Susan Rimes
- Full name: Susan Rimes Seiler
- Country (sports): United States
- Born: 15 April 1959 (age 65)
- Prize money: $45,777

Singles
- Highest ranking: No. 179 (August 3, 1987)

Grand Slam singles results
- Australian Open: 2R (1987)
- Wimbledon: 1R (1983)

Doubles
- Highest ranking: No. 148 (December 21, 1986)

Grand Slam doubles results
- French Open: 2R (1984)
- Wimbledon: 1R (1984)
- US Open: 1R (1984)

Grand Slam mixed doubles results
- French Open: 1R (1984, 1986)

= Susan Rimes =

American tennis player

Susan Rimes Seiler (born April 15, 1959) is an American former professional tennis player.

==Biography==
Raised in Fort Lauderdale, Rimes and her sisters were trained in ballet and tennis as children, with her older sister Tamara going on to dance professionally. It was in tennis that Rimes excelled and around the age of ten she was tutored by Chris Evert's father Jimmy.

Rimes, who attended Pine Crest School in Fort Lauderdale, played four years of college tennis for Clemson University.

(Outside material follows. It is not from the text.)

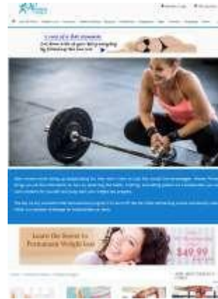
Women Body Building

From 1983 to 1987, Rimes competed on the professional tennis tour and reached a career high singles ranking of 179 in the world. During her career she played at all four grand slam tournaments, which included the 1983 Wimbledon Championships, where she was beaten in the first round by Andrea Jaeger, but took the third seed to a second set tiebreak.

Her husband is former Fort Lauderdale mayor Jack Seiler.